All Products
Search
Document Center

Simple Log Service:Create indexes

Last Updated:Feb 29, 2024

An index is an inverted storage structure that consists of keywords and logical pointers. The logical pointers can refer to actual data. You can use an index to quickly locate data rows based on keywords. An index is similar to a data catalog. You can query and analyze log data only after you create indexes. This topic describes the types of indexes that are supported by Simple Log Service and how to create indexes.

Prerequisites

Index types and index traffic

If you want to query all fields in logs, we recommend that you use full-text indexes. If you want to query only specific fields, we recommend that you use field indexes. This helps reduce index traffic. If you want to analyze fields, you must create field indexes. You must include a SELECT statement in your query statement for analysis.

  • Full-text indexes

    • Simple Log Service splits an entire log into multiple words based on specified delimiters to create indexes. For example, the error search statement returns the logs that contain the error keyword.

      全文索引

    • All field names and field values are stored as text. In this case, field names and field values are included in the calculation of index traffic.

  • Field indexes

    • After you create field indexes, you can specify field names and field values in the key:value format to search for logs. For example, the level:error search statement returns the logs in which the value of the level field contains error. 字段索引

    • The method that is used to calculate index traffic varies based on the data type of a field.
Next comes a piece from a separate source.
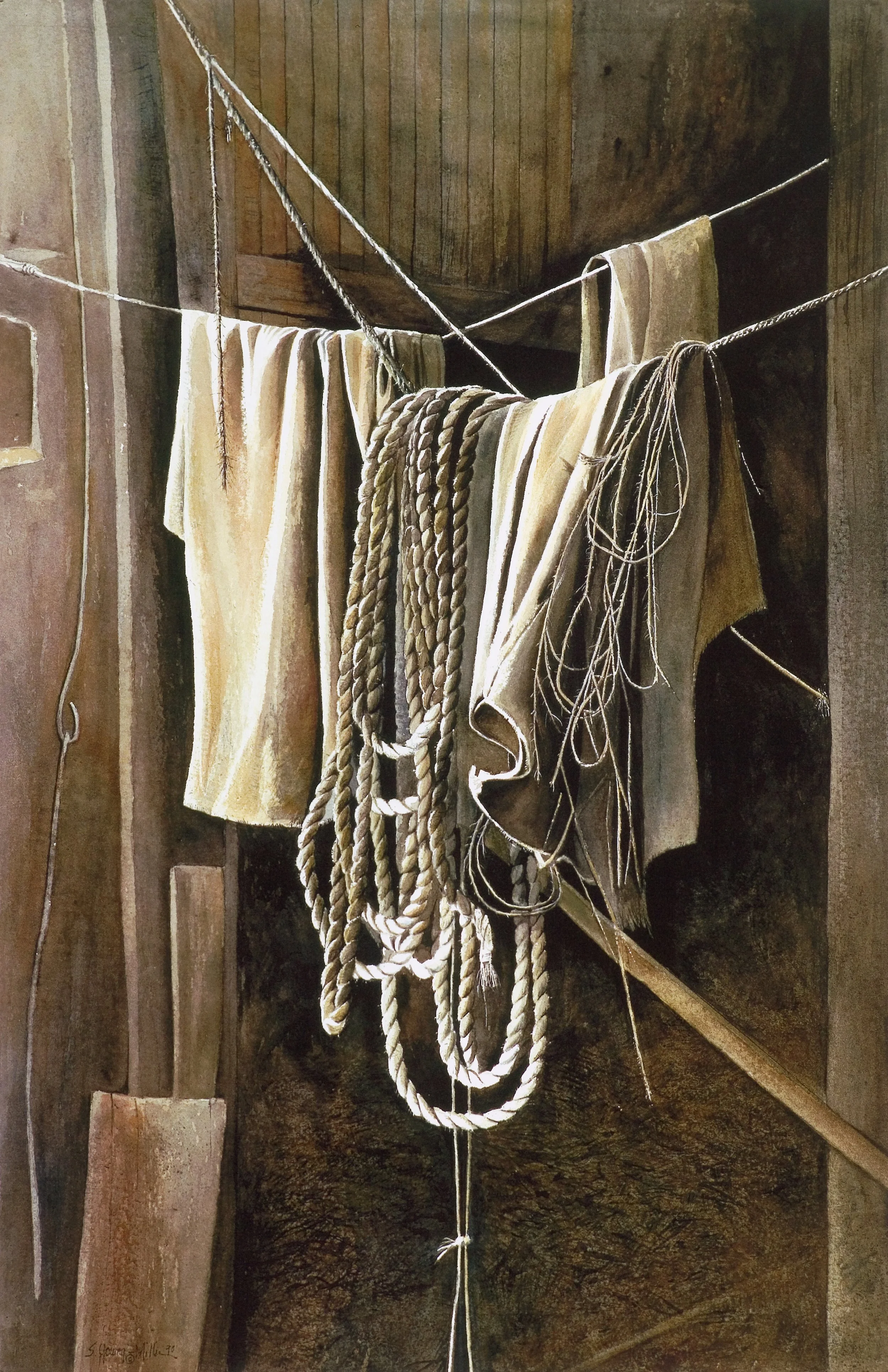 Gunnysacks, twine, and ropes were always draped, ready for use on the farm. These barn drapes are just a few of many farm necessities, used over and over—simple, basic recycling farm principles. Dad hung ropes and farming gear on huge spikes in our barn. Whoever used the rope last was responsible for coiling it and returning it to its rightful place; a missing rope was a useless rope.

      • text: Field names and field values are both included in the calculation of index traffic.

      • long and double: Field names are not included in the calculation of index traffic. Each field value is counted as 8 bytes in index traffic.

        For example, if you create an index for the status field of the long type and the field value is 400, the string status is not included in the calculation of index traffic, and the value 400 is counted as 8 bytes in index traffic.
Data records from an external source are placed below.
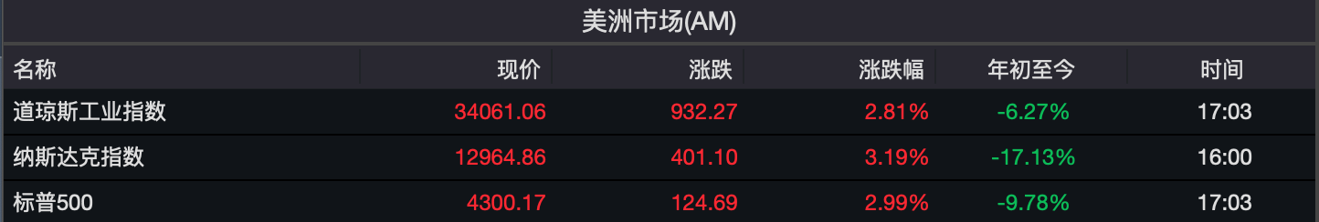在利率決議公布及鮑威爾講話提振后,美股三大指數大幅收漲,道指漲2.81%,納指漲3.19%,標普500指數漲2.99%。
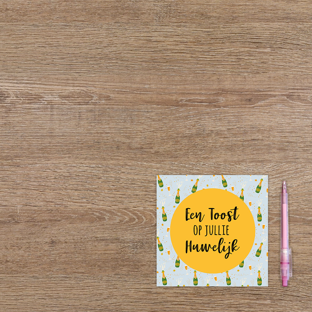 De wenskaart heeft een afmeting van x en een vierkante vorm. Op deze wenskaart staan champagneflessen en champagneglaze. In het midden staat een gele cirkel met de tekst: "Een toost op jullie huwelijk". De binnenzijde van de wenskaart is blanco wat voldoende ruimte geeft om een persoonlijke boodschap te schrijven .
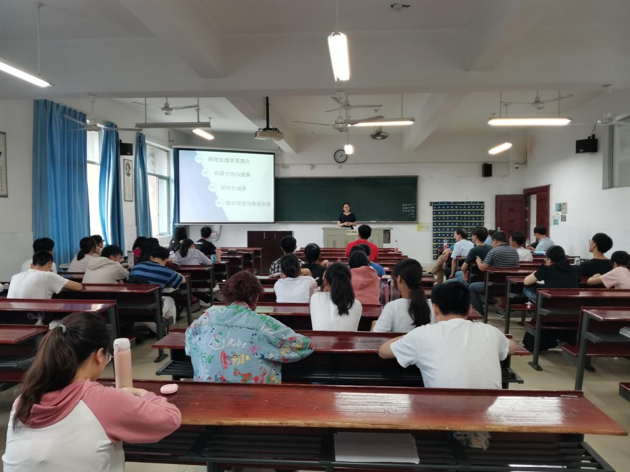 在会议过程中,熊炜从技术平台、历史发展、科研团队等方面对中南大学基础医学院和肿瘤研究所进行了详细的介绍。张华莉、马健与周勇分别重点介绍了中南大学的病理生理学专业、肿瘤研究方向与生理学专业,学生认真地做笔记,秩序井然。会议最后,教授们就学生关心的夏令营、报考分析等问题进行了详细解答,鼓励学生在本科时期增强动手与研究能力,培养科研兴趣,提升核心竞争力。
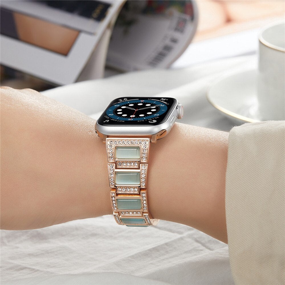 Diamond Stainless Steel Strap For Apple Watch Band 6 40mm 44mm Women Opal Luxury Bracelet iwatch series Strap 5 4 SE 3 38mm 42mm
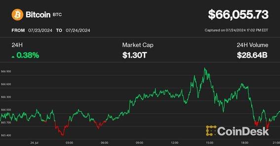 Solana's SOL and Ripple's XRP were notable outperformers. The Nasdaq and S&P 500 on Wednesday each suffered their worst declines since late 2022, but the price of bitcoin (BTC) mostly held up, remaining around the $66,000 level where it was a day earlier. The broad-market crypto benchmark CoinDesk 20 Index was also flat over the past 24 hours, with Solana's SOL and Ripple's XRP outperforming the broader market, advancing 3% to 4% over the same period. Avalanche (AVAX), Uniswap (UNI) and Ethereum Classic (ETC) were lower by 3% to 4%. Ether's (ETH) price action disappointed investors despite a fairly successful spot ETF debut Tuesday, with ETH dipping as low as $3,300, an almost 4% decline over the past 24 hours. It also hit its weakest price in two months versus bitcoin. "The real money interest was strong enough to deem the launch a marginal success, aligning with general expectations, but not yet strong enough to demand a repricing," analysts at crypto market maker Wintermute said. "This may come in subsequent sessions." The moves came amid a drop in the U.S. stock market, with the Nasdaq plunging 3.6% and the S&P 500 slumping 2.1% amid disappointing earnings results from market bellwethers like Alphabet (GOOG) and Tesla (TSLA). With ether ETFs launched, traders may shift their focus to an upcoming U.S. economic data release on Friday and Donald Trump's speech scheduled for Saturday at the Nashville Bitcoin conference. https://www.coindesk.com/markets/2024/07/24/bitcoin-holds-up-as-tech-stocks-plunge-ether-sinks-a-day-after-etf-launch/
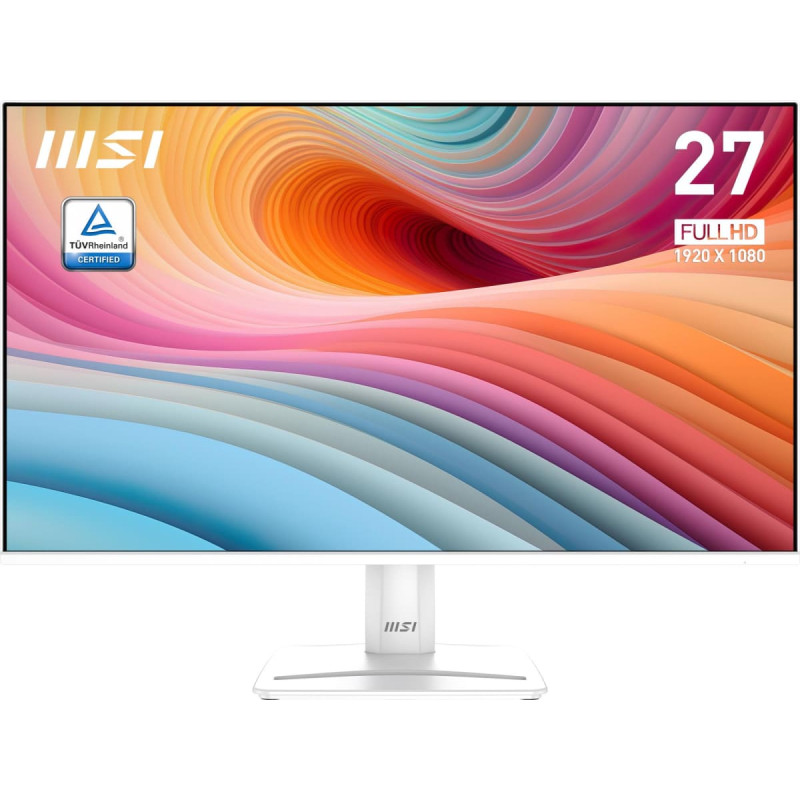 summary: MSI Pro MP275W E2. Display diagonal: 68.6 cm (27"), Display resolution: 1920 x 1080 pixels, HD type: Full HD, Display technology: LED, Response time: 4 ms, Native aspect ratio: 16:9, Viewing angle, horizontal: 178°, Viewing angle, vertical: 178°. Built-in speaker(s). VESA mounting. Product colour: White
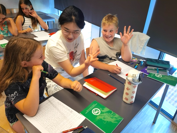 在當(dāng)?shù)貎擅就翝h語教師卡迪婭(Katja)和安妮雅(Anja)的帶領(lǐng)下,海外實(shí)習(xí)團(tuán)隊(duì)的小老師們,以“一對二”或“一對三”的分組形式,幫助不同水平的學(xué)員實(shí)現(xiàn)了中文語言能力的階梯式提升。
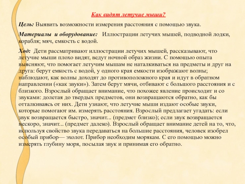 Ход: Дети рассматривают иллюстрации летучих мышей, рассказывают, что летучие мыши плохо видят, ведут ночной образ жизни. С помощью опыта выясняют, что помогает летучим мышам не наталкиваться на предметы и друг на друга: берут емкость с водой, у одного края емкости изображают волны; наблюдают, как волны доходят до противоположного края и идут в обратном направлении («как звуки»). Затем берут мячи, отбивают с большого расстояния и с близкого. Взрослый обращает внимание, что похожее явление происходит и со звуками: долетая до твердых предметов, они возвращаются обратно, как бы отталкиваясь от них. Дети узнают, что летучие мыши издают особые звуки, которые помогают им. измерять расстояния. Взрослый предлагает угадать: если звук возвращается быстро, значит... (предмет близко); если звук возвращается нескоро, значит... (предмет далеко). Взрослый обращает внимание детей на то, что, используя свойство звука передаваться на большие расстояния, человек изобрел особый прибор— эхолот. Прибор необходим морякам. С его помощью можно измерять глубину моря, посылая звук и принимая его обратно.

      • json: Field names and field values are both included in the calculation of index traffic. The subfields that are not indexed are also included. For more information, see How do I calculate index traffic for a JSON field?

        • If a subfield is not indexed, index traffic is calculated by regarding the data type of the subfield as text.

        • If a subfield is indexed, index traffic is calculated based on the data type of the subfield. The data type can be text, long, or double.

Billing description

Logstores support the following billing modes: pay-by-ingested-data and pay-by-feature. For more information, see Manage a Logstore, Billable items of pay-by-feature, and Billable items of pay-by-ingested-data.

Logstore that uses the pay-by-ingested-data billing mode

  • Indexes occupy storage space. For more information about storage types, see Overview of tiered storage.

  • Reindexing does not generate fees.

Logstore that uses the pay-by-feature billing mode

  • Indexes occupy storage space. For more information about storage types, see Overview of tiered storage.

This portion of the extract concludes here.